The role of the backbone

The inter-strand interaction energy computed for the SSBACK-C, SSBACK-N and SSN(BACK-C) models of DNA at the HF, HFLD, B3LYP-D3(BJ) and B3LYP-D3(BJ,ABC) levels in the gas phase and in water is given in Table 2. For the simplified SSN(BACK-C) model in the gas phase, the DLPNO-CCSD(T1)/TightPNO/def2-TZVP(-f) interaction energy amounts to −177.4 kcal mol−1, which is very close to −178.9 kcal mol−1 value obtained at the HFLD/def2-TZVP(-f) level. These results provide additional evidence for the great accuracy of the HFLD method in this context. In comparison, the interaction energy obtained at the HF level of theory is significantly underestimated (−86.0 kcal mol−1), whilst B3LYP-D3(BJ) without and with the three-body ABC dispersion term predicts an interaction energy of −194.4 and −190.5 kcal mol−1, respectively. The fact that HF underestimates the inter-strand interaction with respect to DLPNO-CCSD(T), whilst B3LYP-D3(BJ) overestimates it, is consistent with the results obtained in the previous subsection for the interaction of the individual bases.
Table 2 Inter-strand interaction energy (kcal mol−1) of the DNA duplex for the subsystems SS calculated for different charge and solution states at the HF and HFLD levels, together with B3LYP that incorporates the D3(BJ) dispersion correction without and with the three-body ABC term. The def2-TZVP(-f) basis set was used in all cases
System HF HFLD B3LYP-D3(BJ) B3LYP-D3(BJ,ABC)
a The corresponding DLPNO-CCSD(T1)/TightPNO/def2-TZVP(-f) interaction energy is −177.4 kcal mol−1.
Gas phase
SSBACK-N −86.0 −185.9 −204.4 −199.0
SSN(BACK-C) −86.0 −178.9a −194.4 −190.5
[thin space (1/6-em)]
In water
SSBACK-C 27.4 −75.0 −104.1 −98.8
SSBACK-N 12.4 −88.9 −118.6 −113.2
SSN(BACK-C) 13.5 −80.7 −107.1 −103.2


In the gas phase, the interaction energy of large charged models of DNA, such as SSBACK-C, is known to be highly repulsive, because of the negative charge of the phosphate groups on the backbones, which leads to an insurmountable repulsive interaction in the gas phase.90 A common practice91 in QM studies of DNA for suppressing the excessive electrostatics is to artificially protonate one of the non-bridging oxygens of each phosphate group, as we have done in SSBACK-N. For this model, the inter-strand interaction becomes significantly attractive also in the gas phase, being −86.0, −185.9, −204.4 and −199.0 kcal mol−1 with HF, HFLD, B3LYP-D3(BJ) and B3LYP-D3(BJ,ABC) levels, respectively. These values are analogous to those obtained for SSN(BACK-C), which indicates that, for neutral systems, the backbone provides a small contribution to the overall interaction between the DNA strands.

In addition, by incorporating the effect of the water solvent implicitly in the energetics,86 all models provide similar interaction energies, including SSBACK-C. This suggests that the interaction between the DNA and the environment counteracts the repulsion between the negatively charged DNA strands in SSBACK-C. Thus, in solution, the net contribution of the backbones to the interaction appears to be small, irrespective of the particular DNA model used.

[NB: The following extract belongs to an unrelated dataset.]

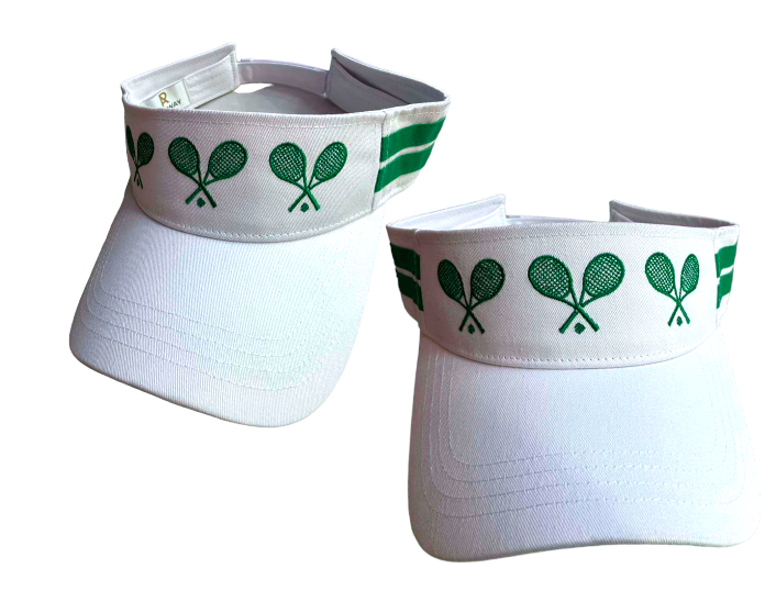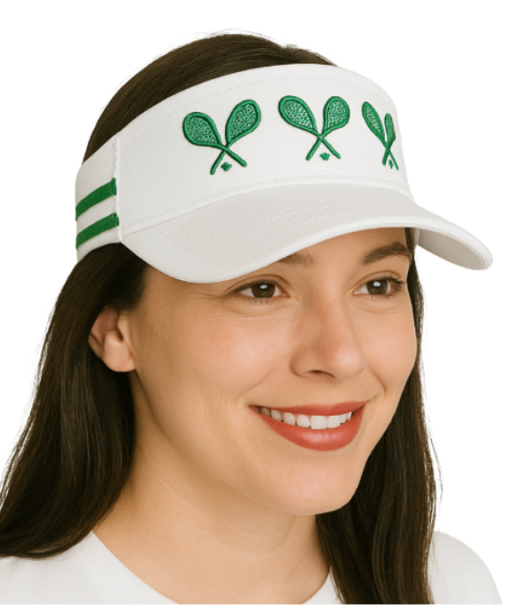 Our Runway Athletics custom visors are crafted from the finest white cotton canvas and feature green accent stripes on the sides, along with a velcro strap for easy fastening. Designed with a slightly higher profile, these visors offer excellent protection for your hairline from sun exposure.

It is also worth emphasizing that the inclusion of the solvent lowers the overall interaction in neutral model systems. This effect can be explained by looking at the results shown in Table 3, in which the overall solvation correction at the HFLD level is decomposed into a contribution from the CPCM dielectric, representing direct DNA-solvent interactions, plus a polarization contribution, representing how the environment influences the electronic interaction between the DNA strands (see the ESI for a detailed discussion of how these terms are computed and for a discussion of the importance of non-electrostatic solvation corrections). The contributions from the CPCM dielectric and polarization are both very similar to each other for neutral systems with and without backbones. The contribution from the CPCM dielectric is large and positive, which causes the overall interaction to decrease in solution. In contrast, the effect of the environment on the electronic interaction between the strands is small and essentially the same irrespective of the particular DNA model employed.

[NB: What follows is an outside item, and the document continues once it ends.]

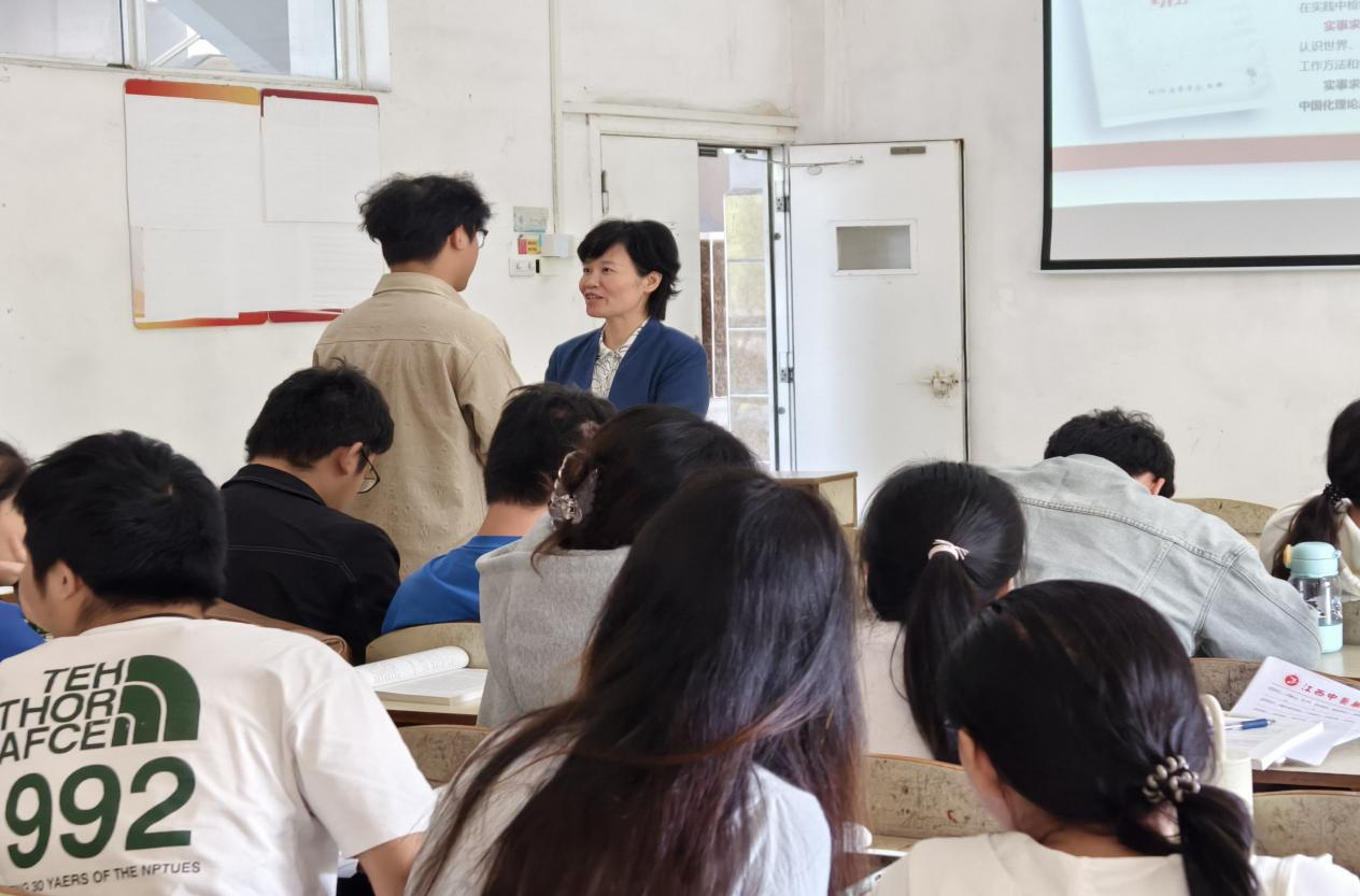 校长朱卫丰走进2022级中西医临床3班《毛泽东思想概论》课堂,巡视课堂情况,检查教师授课质量、学生出勤及听课情况,并坐到课桌前认真听课,同时针对教学中发现的问题,给予具体的意见和建议。

Table 3 Decomposition of the solvation contribution to the inter-strand interaction energy (kcal mol−1) into DNA-solvent and DNA polarization contributions at the HFLD/def2-TZVP(-f) level of theory
Total solvation contribution Direct DNA-solvent contribution DNA polarization contribution
SSBACK-N 97.0 123.2 −26.2
SSN(BACK-C) 98.1 125.0 −26.9


Importantly, for SSBACK-N and SSN(BACK-C), the calculated Edisp contribution to the inter-strand stability of the duplex is −99.9 and −92.9 kcal mol−1 in the gas phase (only ∼1 kcal mol−1 larger for both models in water), respectively. Therefore, the dispersion contribution to the backbone–backbone interaction is noticeable but weak compared to base–base dispersion interactions.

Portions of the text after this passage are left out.